* TASK REQUIREMENTS
The required output is the exact run of lines below that opens at the line with "Ausgehend von einer" and closes at the line with "Musselmalet riflet er".

* DATA SUPPLIED
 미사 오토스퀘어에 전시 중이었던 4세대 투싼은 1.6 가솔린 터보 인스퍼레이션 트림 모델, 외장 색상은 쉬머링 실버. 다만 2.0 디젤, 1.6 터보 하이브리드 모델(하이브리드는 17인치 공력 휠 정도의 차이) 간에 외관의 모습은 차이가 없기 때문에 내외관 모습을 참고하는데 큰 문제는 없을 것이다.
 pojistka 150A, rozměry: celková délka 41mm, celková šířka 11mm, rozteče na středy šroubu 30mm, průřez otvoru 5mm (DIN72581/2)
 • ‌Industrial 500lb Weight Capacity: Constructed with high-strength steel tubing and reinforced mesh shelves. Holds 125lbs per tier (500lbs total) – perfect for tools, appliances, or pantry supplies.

* * *

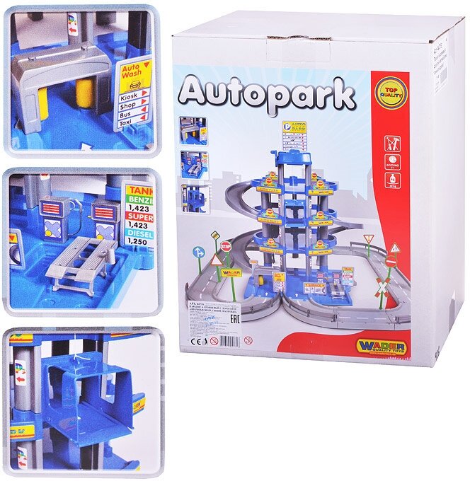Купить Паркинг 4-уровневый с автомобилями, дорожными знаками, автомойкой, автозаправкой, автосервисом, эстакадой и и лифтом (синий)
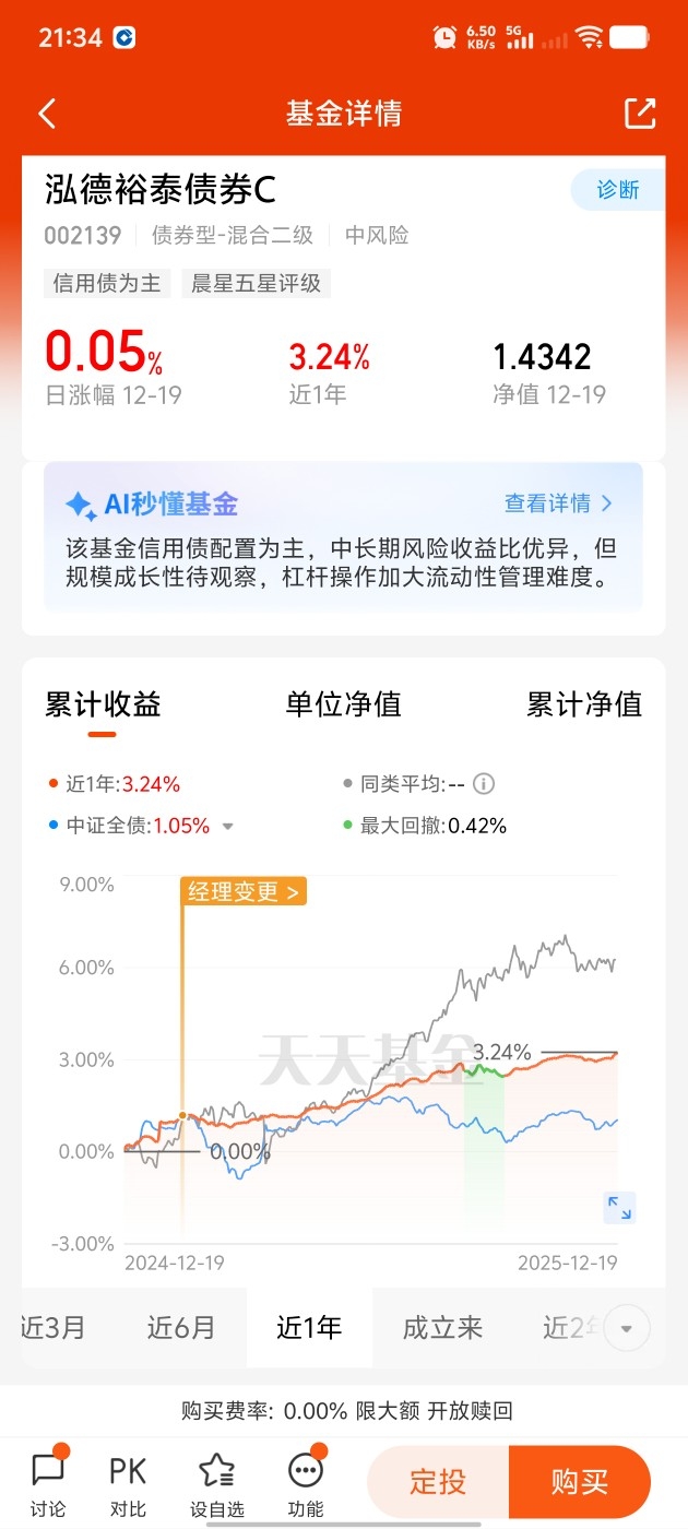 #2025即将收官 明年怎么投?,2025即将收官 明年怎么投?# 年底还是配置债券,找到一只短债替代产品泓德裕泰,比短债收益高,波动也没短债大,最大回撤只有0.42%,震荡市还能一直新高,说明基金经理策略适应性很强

---

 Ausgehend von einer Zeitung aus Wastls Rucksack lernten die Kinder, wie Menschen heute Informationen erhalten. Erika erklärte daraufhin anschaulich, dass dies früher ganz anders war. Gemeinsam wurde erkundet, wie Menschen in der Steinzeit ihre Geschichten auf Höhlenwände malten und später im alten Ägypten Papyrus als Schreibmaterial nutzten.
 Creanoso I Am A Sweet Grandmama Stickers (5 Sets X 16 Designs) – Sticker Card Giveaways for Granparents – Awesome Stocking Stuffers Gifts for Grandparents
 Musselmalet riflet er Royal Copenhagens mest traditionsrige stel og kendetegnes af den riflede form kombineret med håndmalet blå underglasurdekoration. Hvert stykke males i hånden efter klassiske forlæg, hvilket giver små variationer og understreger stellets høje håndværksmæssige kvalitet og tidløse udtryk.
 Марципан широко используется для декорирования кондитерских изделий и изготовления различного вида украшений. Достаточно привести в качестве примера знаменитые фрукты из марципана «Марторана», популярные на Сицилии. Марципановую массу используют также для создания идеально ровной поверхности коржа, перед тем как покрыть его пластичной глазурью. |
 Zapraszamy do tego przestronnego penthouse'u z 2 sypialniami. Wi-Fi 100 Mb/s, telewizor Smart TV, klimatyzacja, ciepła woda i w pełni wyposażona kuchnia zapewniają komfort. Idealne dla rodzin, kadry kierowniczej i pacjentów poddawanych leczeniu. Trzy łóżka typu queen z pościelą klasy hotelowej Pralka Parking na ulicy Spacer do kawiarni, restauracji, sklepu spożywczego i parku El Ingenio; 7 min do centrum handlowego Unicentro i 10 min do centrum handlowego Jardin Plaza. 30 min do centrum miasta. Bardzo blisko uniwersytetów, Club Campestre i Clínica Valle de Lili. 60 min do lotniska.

* SOLUTION TO THIS PROBLEM
 Ausgehend von einer Zeitung aus Wastls Rucksack lernten die Kinder, wie Menschen heute Informationen erhalten. Erika erklärte daraufhin anschaulich, dass dies früher ganz anders war. Gemeinsam wurde erkundet, wie Menschen in der Steinzeit ihre Geschichten auf Höhlenwände malten und später im alten Ägypten Papyrus als Schreibmaterial nutzten.
 Creanoso I Am A Sweet Grandmama Stickers (5 Sets X 16 Designs) – Sticker Card Giveaways for Granparents – Awesome Stocking Stuffers Gifts for Grandparents
 Musselmalet riflet er Royal Copenhagens mest traditionsrige stel og kendetegnes af den riflede form kombineret med håndmalet blå underglasurdekoration. Hvert stykke males i hånden efter klassiske forlæg, hvilket giver små variationer og understreger stellets høje håndværksmæssige kvalitet og tidløse udtryk.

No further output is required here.